To address the diversity and scarcity challenges of extant reaction datasets, we report a database of 176,992 reactions covering C, H, O, and N containing molecules up to 10 heavy atoms. This dataset has been curated using the concept of graphically defined model reactions with a uniqueness out to one bond away from the reacting atoms (i.e., a graphical depth of one). For this reason, it is named the Reaction Graph Depth 1 (RGD1) dataset. Compared with previously published datasets, RGD1 contains more reactions (15-fold and 45-fold larger than the Grambow and Prasad datasets, respectively), more complex reactions (57.8% reactions have more than seven heavy atoms) and covers more diverse reactions due to the generic enumeration rules and PubChem origin of all reactions and reactants.
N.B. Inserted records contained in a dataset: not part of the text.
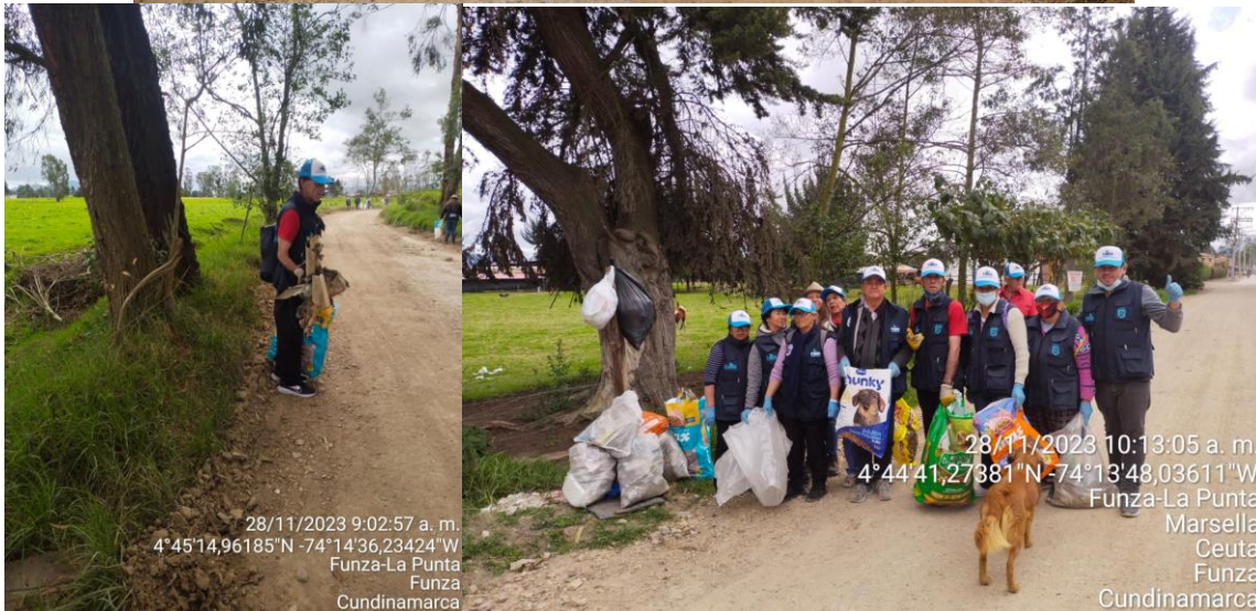
28/11/2023 9:02:57 a. m. 4°45'14,96185"N -74°14'36,23424"W Funza-La Punta Funza Cundinamarca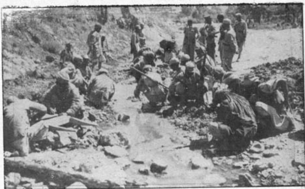
( میرز که ) گردیز ، کنایر مجرای آب چشمه اسپا هیان : مصروف پنا بدین مسکوکات میباشند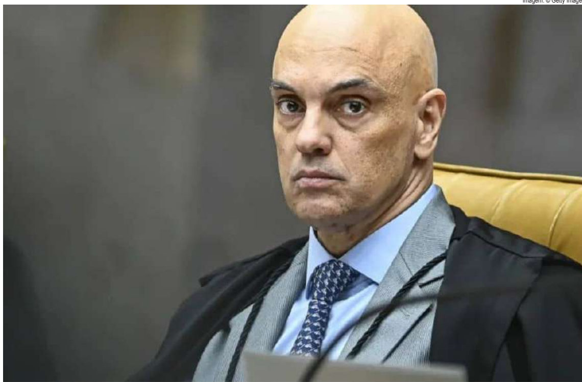
Imagem: © Getty Images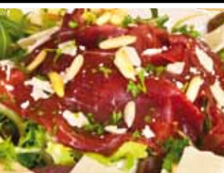
Runder carpaccio 7,95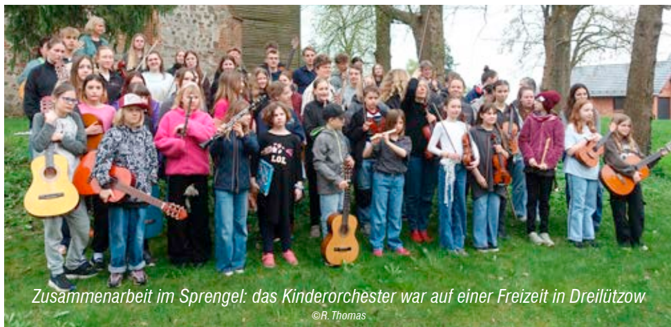
Zusammenarbeit im Sprengel: das Kinderorchester war auf einer Freizeit in Dreilützow

wird auch gefragt, ob bei einer kleiner werdenden Familie noch alle Räume bewohnt werden können und müssen. Derzeit wissen wir noch nicht genau, was bei den Umbaumaßnahmen herauskommt. Jede Familie (Gemeinde) hat Vorstellungen und Wünsche. Das wird am Küchentisch besprochen (im Sprengel)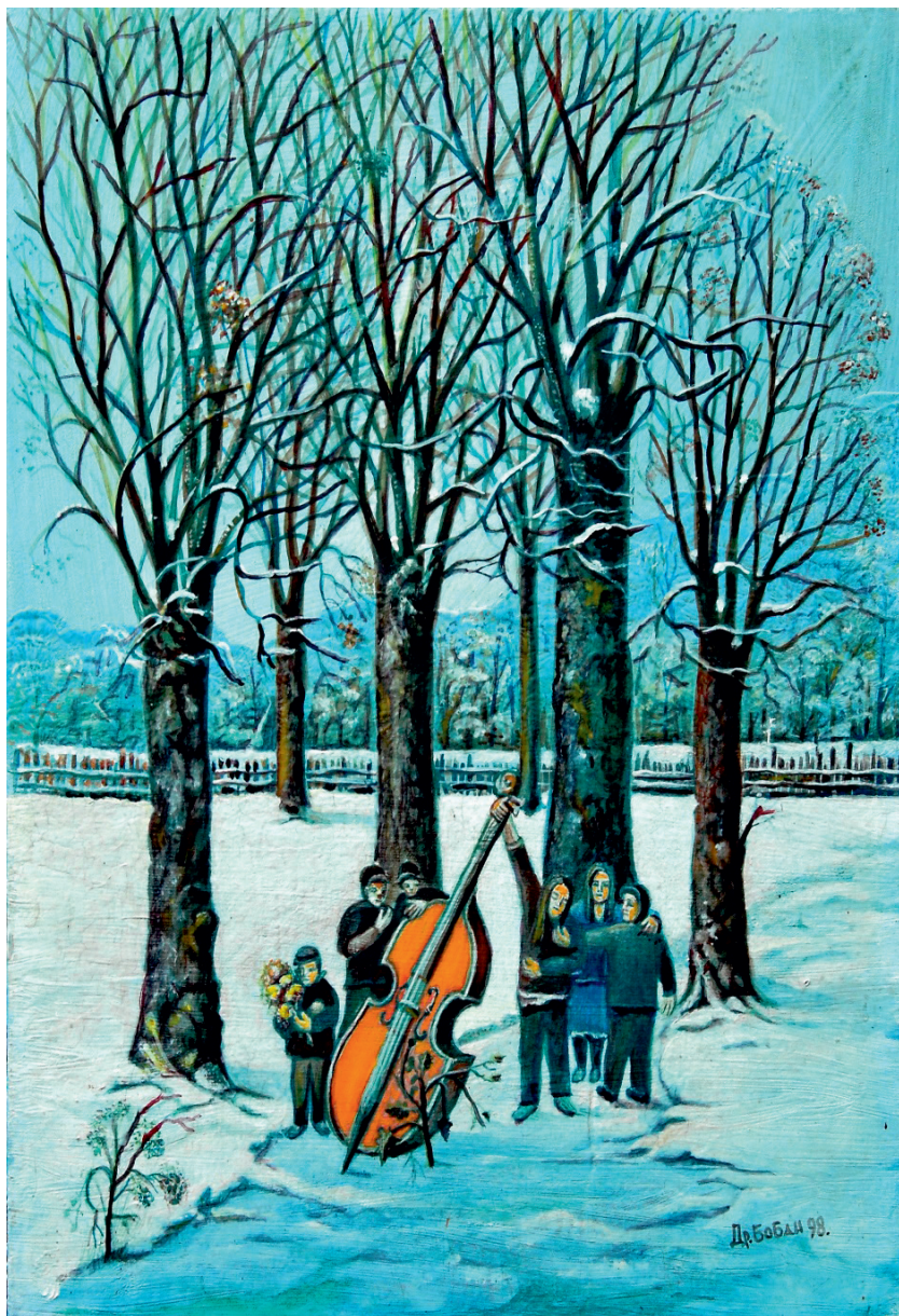
Растанак на Бадњи дан, 1998.

These reactions were characterized by our recently developed reaction prediction package, Yet Another Reaction Program (YARP)5, with semi-empirical GFN2-xTB16 and B3LYP-D3/TZVP functional and basis set as low and high level of theory, respectively, to explore the potential energy surface. The raw output files of growing string method (GSM)17,18,19, geometry optimizations, frequency calculations, and intrinsic coordinate calculations (IRC) are provided along with atom-mapped SMILES, geometries of reactant, product and transition states, activation energies, and enthalpies of reaction. The increased size and accuracy of the RGD1 TSs should facilitate the development of more general and accurate ML models for TS characterization and prediction, and further open up a new avenue for automated reaction network prediction. Although currently RGD1 only includes uncatalyzed reactions, the ongoing development of transition state automation will enable comparable catalyzed reaction databases to be built in the near future20,21,22.

Methods

The reaction dataset was generated in five steps. Details on each step are provided in following sections, but summarized here for convenience. First, 413,519 C,H,O,N-containing neutral closed-shell molecules with no more than ten heavy atoms were curated from PubChem23. Second, a graphically-defined elementary reaction step (ERS) was applied to those 413,519 molecules to enumerate potential reactions. For each enumerated reaction, a graphically defined model reaction was formed consisting of a truncated version of the reactants and products that preserved the hybridization of the reaction centers (Fig. 1a). Enumeration and conversion to model reactions resulted in ~708 k unique model reactions (Fig. 1b). Third, conformational sampling was performed on all reactant-product pairs to generate three-dimensional geometries as an input for double-ended TS searches. This step yielded a varying number of conformations for each reactant-product pair depending on the degrees of freedom and ranking by a classifier24, resulting in 1,339,887 total reaction conformations. Fourth, Yet Another Reaction Program (YARP) was used to localize transition states for all 1,339,887 reaction conformers at the B3LYP-D3/TZVP level of theory. Fifth, the localized TSs were filtered based on whether they correspond to reactions connecting the intended reactants and products. After a series of filtering steps to remove duplicated conformations, the final dataset contains one or more validated transition states, among other properties, for 126,857 distinct reactions (33,032 of these have two or more TSs leading to a total of 176,992 reactions with TSs). The details of each step are provided in the following sections.

Fig. 1
figure 1

Overview of the reaction data generation process. (a) An illustration of generating a graphically defined model reaction from a larger reacting molecule. (b) The number of cumulative (blue) and new (red) model reactions generated as the 413,519 initial PubChem reactants are processed. (c) A subset of the model reactions generated by enumerating elementary reactions of γ-ketohydroperoxide (KHP).

PubChem data curation

PubChem data was extracted in September 2021 through FTP service. All chemical structure data were processed using the OpenEye chemistry toolkit25. Standardizer was used for structure canonicalization. The cleaning of salts, removal of mixtures, inorganics, and organometallics was performed using Instant JChem software (version 20.2, ChemAxon)26. InChI keys were used to de-duplicate replicated structures. The dataset was further curated according to a previously described protocols27. All C,H,O,N-containing neutral closed-shell molecules with ten or fewer atoms were taken from this curated PubChem dataset, yielding 413,519 reactants for reaction enumeration.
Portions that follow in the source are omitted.